First, we will run BBKNN, it takes the anndata object and calculates a knn graph that is batch balanced. We can then use that graph to run Umap, tSNE and/or clustering.

sc.external.pp.bbknn(adata, 'sample')

sc.tl.umap(adata)
sc.tl.tsne(adata)

# save new umap/tsne to new slots in obsm
adata.obsm['X_umap_bbknn'] = adata.obsm['X_umap']
adata.obsm['X_tsne_bbknn'] = adata.obsm['X_tsne']
computing batch balanced neighbors
WARNING: consider updating your call to make use of `computation`
    finished: added to `.uns['neighbors']`
    `.obsp['distances']`, distances for each pair of neighbors
    `.obsp['connectivities']`, weighted adjacency matrix (0:00:03)
computing UMAP
    finished: added
    'X_umap', UMAP coordinates (adata.obsm)
    'umap', UMAP parameters (adata.uns) (0:00:16)
computing tSNE
    using 'X_pca' with n_pcs = 50
    using sklearn.manifold.TSNE
    finished: added
    'X_tsne', tSNE coordinates (adata.obsm)
    'tsne', tSNE parameters (adata.uns) (0:00:48)

We can now plot the unintegrated and the integrated space reduced dimensions.

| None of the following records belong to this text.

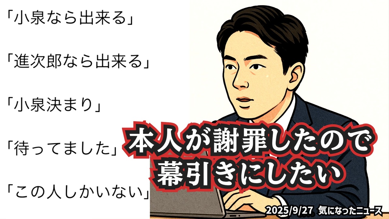 ◆小泉進次郎ステマ疑惑で陣営炎上 牧島かれん事務所班長辞任も「幕引き狙い」に批判集中<br><br>あらすじ<br>自民党総裁選に立候補した小泉進次郎農水相の陣営が、ネット上で小泉氏を称賛するコメントを投稿するよう関係者に要請していたことが発覚しました。牧島かれん元デジタル担当相の事務所が関与していたとされ、牧島氏は謝罪のうえ陣営の広報班長を辞任。小泉氏本人も謝罪しましたが、陣営は「影響は限定的」として幕引きを図る姿勢。一方、ライバル陣営は「総裁選の公正性を損なう重大問題」と強く反発し、党員票や選挙戦の行方に波紋が広がっています。<a href="https://www.sankei.com/article/20250926-TN63VY7DT5G2ZIAFO6L6ZTPIZM/" target="_blank" rel="noopener nofollow">https://www.sankei.com/article/20250926-TN63VY7DT5G2ZIAFO6L6ZTPIZM/</a><br>一つのIDで小泉氏賞賛500件以上 「えせ保守に負けるな」も ステマ要請動画投稿一覧 - 産経ニュース<br><br>牧島かれん<a href="https://x.com/yamazogaikuzo/status/1971465283660546108?t=zZvXJdVmZUrphf_rOHRk_w&s=19" target="_blank" rel="noopener nofollow">https://x.com/yamazogaikuzo/status/1971465283660546108?t=zZvXJdVmZUrphf_rOHRk_w&s=19</a><br><br>◆今回の台本(詳細)<a href="https://keiichiro8140.hatenablog.com/entry/25092777000" target="_blank" rel="noopener nofollow">https://keiichiro8140.hatenablog.com/entry/25092777000</a><br><br>◆YouTubeチャンネル登録よろしくお願いします🙏 <a href="https://www.youtube.com/@K16news888" target="_blank" rel="noopener nofollow">https://www.youtube.com/@K16news888</a><br><br>◆もしも(BAN)の時のためのマイリンク集<a href="https://lit.link/K16_888" target="_blank" rel="noopener nofollow">https://lit.link/K16_888</a><br><br>ご覧いただきありがとうございます<br>m(_ _)m<br>気になったニュース 2025/9/27<br><br />著作権、肖像権に配慮して作成しております。<br><br>◆気になったニュースの台本!?<br>メモ代わりに作った台本をそのままあげてます<br><a href="https://keiichiro8140.hatenablog.com/." target="_blank" rel="noopener nofollow">https://keiichiro8140.hatenablog.com/.</a><br><br><br>ここからはシリーズ紹介<br><br><br>◆ ワクチン解毒・デトックス<br><a href="https://x.gd/fZweg" target="_blank" rel="noopener nofollow">https://x.gd/fZweg</a><br><br>◆ウイリアム・マキス博士のがん治療(イベルメクチン・フェンベンダゾール等)<br><a href="https://x.gd/AtFYS" target="_blank" rel="noopener nofollow">https://x.gd/AtFYS</a><br><br>◆予防接種健康被害救済制度<br><a href="https://x.gd/0xK9x" target="_blank" rel="noopener nofollow">https://x.gd/0xK9x</a><br><br>◆気になったニュース #1501~<br><br>◆ 【ショートver】気になったニュース<br><a href="https://x.gd/7MxXC" target="_blank" rel="noopener nofollow">https://x.gd/7MxXC</a><br><br>◆ 気になったニュース #1001~<br><a href="https://x.gd/Lp8gv" target="_blank" rel="noopener nofollow">https://x.gd/Lp8gv</a><br><br>◆ 気になったニュース #501~<br><a href="https://x.gd/EmbS4" target="_blank" rel="noopener nofollow">https://x.gd/EmbS4</a><br><br>◆ 気になったニュース #1~#500<br><a href="https://x.gd/uPhNb" target="_blank" rel="noopener nofollow">https://x.gd/uPhNb</a><br><br>◆ X(旧Twitter)・テレグラムで気になった情報<br><a href="https://x.gd/YG6FT" target="_blank" rel="noopener nofollow">https://x.gd/YG6FT</a><br><br>◆ 日比谷5万人パレードデ⚪生放送アーカイブ動画<br><a href="https://x.gd/3CHJv" target="_blank" rel="noopener nofollow">https://x.gd/3CHJv</a><br><br>◆日比谷5万人パレード⚪モのマイリスト作ってみました<br><a href="https://nico.ms/mylist/76828848?ref=sp_other" target="_blank" rel="noopener nofollow">https://nico.ms/mylist/76828848?ref=sp_other</a><br><br>◆3.30 令和の百姓⚪⚪<br><a href="https://www.nicovideo.jp/series/511791?ref=garage_share_other" target="_blank" rel="noopener nofollow">https://www.nicovideo.jp/series/511791?ref=garage_share_other</a><br><br>◆ 及川幸久さんの【XNEWS】シリーズ<br><a href="https://x.gd/3k78K" target="_blank" rel="noopener nofollow">https://x.gd/3k78K</a><br><br>◆これまでの動画<a href="https://x.gd/sPXoJ" target="_blank" rel="noopener nofollow">https://x.gd/sPXoJ</a><br><br>◆もしも(BAN)の時のためのマイリンク集<a href="https://lit.link/K-16_News44" target="_blank" rel="noopener nofollow">https://lit.link/K-16_News44</a><br><br>
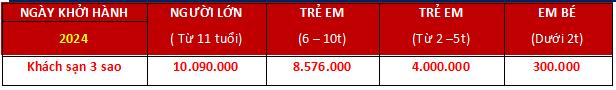 Trẻ em dưới 2 tuổi: Phụ phí máy bay 300.000. Các dịch vụ trong tour khác miễn phí, sử dụng chung dịch vụ với cha mẹ. Cha mẹ lo toàn bộ chi phí cho bé nếu có phát sinh. 02 người lớn chỉ được kèm 01 trẻ em, trẻ thứ 02 trả 30% mức phí người lớn.
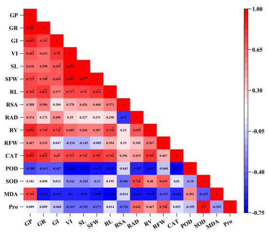 Correlation matrix between all indices. GP, germination potential; GR, germination rate; GI, germination index; VI, vigor index; SL, shoot length; SFW, shoot fresh weight; RL, root length; RSA, root surface area; RAD, root average diameter; RV, root volume; RFW, root fresh weight; CAT, catalase; SOD, superoxide dismutase; POD, peroxidase; MDA, malondialdehyde; Pro, proline. Numbers represent the Pearson correlation statistics. ** denotes significance at p < 0.01; * denotes significance at p < 0.05.
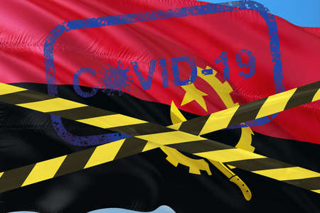 Barrier tape - quarantine, isolation, coronavirus entry ban. Angola flag waving in the wind stamp covid 19
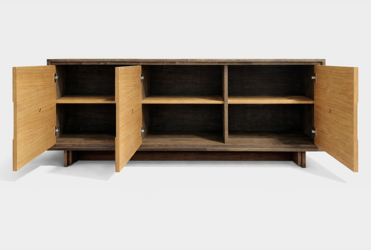 ✅ Функциональная тумба с тремя дверцами. В каждой нише расположены полки для более эффективного использования пространства.
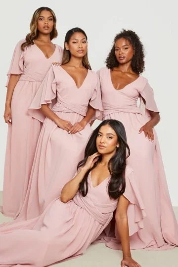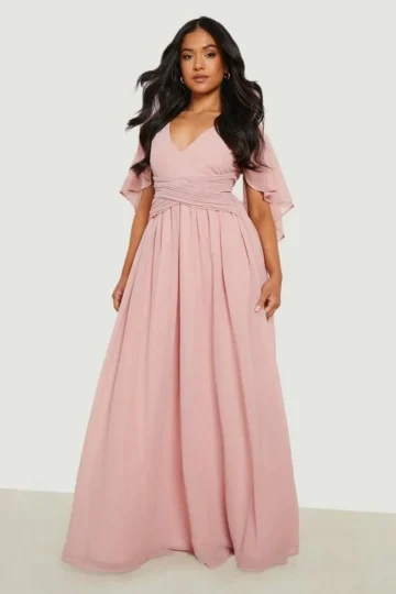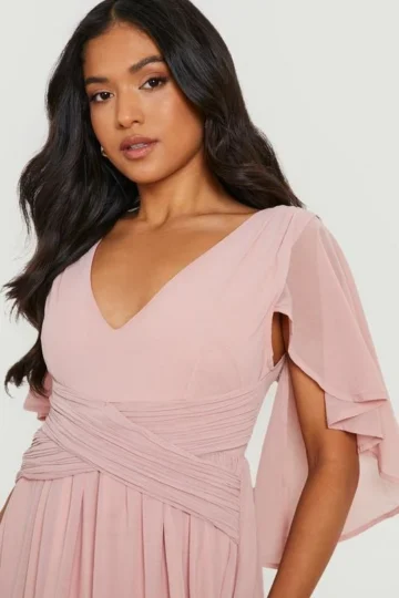 BOOHOO Petite Bridesmaid Chiffon Angel Sleeve Wrap Maxi Dress
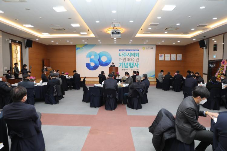 À̳¯ Çà»ç´Â ±è¿µ´ö ³ªÁÖ½ÃÀÇȸÀÇÀå°ú °ÀÎ±Ô ³ªÁÖ½ÃÀåÀ» ºñ·ÔÇØ Çö¿ªÀÇ¿ø, ¿ª´ëÀÇ¿ø µîÀÌ ÇÔ²² Âü¿©ÇÑ °¡¿îµ¥ Äڷγª19 »çȸÀû °Å¸®µÎ±â¸¦ ÁؼöÇØ ÁøÇàµÆÀ¸¸ç, 30Áֳ⠱â³ä¿µ»ó »ó¿µ, 30³â»ç Ã¥ÀÚ Àü´Þ½Ä, °ø·ÎÆÐ ½Ã»ó µîÀÇ ÀÏÁ¤À¸·Î ÁøÇàµÆ´Ù.

fig, axs = plt.subplots(2, 2, figsize=(10,8),constrained_layout=True)
sc.pl.embedding(adata, "X_umap_uncorr",color="sample", title="Uncorrected umap", ax=axs[0,0], show=False)
sc.pl.embedding(adata, "X_tsne_uncorr",color="sample", title="Uncorrected tsne", ax=axs[0,1], show=False)
sc.pl.embedding(adata, "X_umap_bbknn",color="sample", title="BBKNN Corrected umap", ax=axs[1,0], show=False)
sc.pl.embedding(adata, "X_tsne_bbknn",color="sample", title="BBKNN Corrected tsne", ax=axs[1,1], show=False)
<Axes: title={'center': 'BBKNN Corrected tsne'}, xlabel='X_tsne_bbknn1', ylabel='X_tsne_bbknn2'>

Let’s save the integrated data for further analysis.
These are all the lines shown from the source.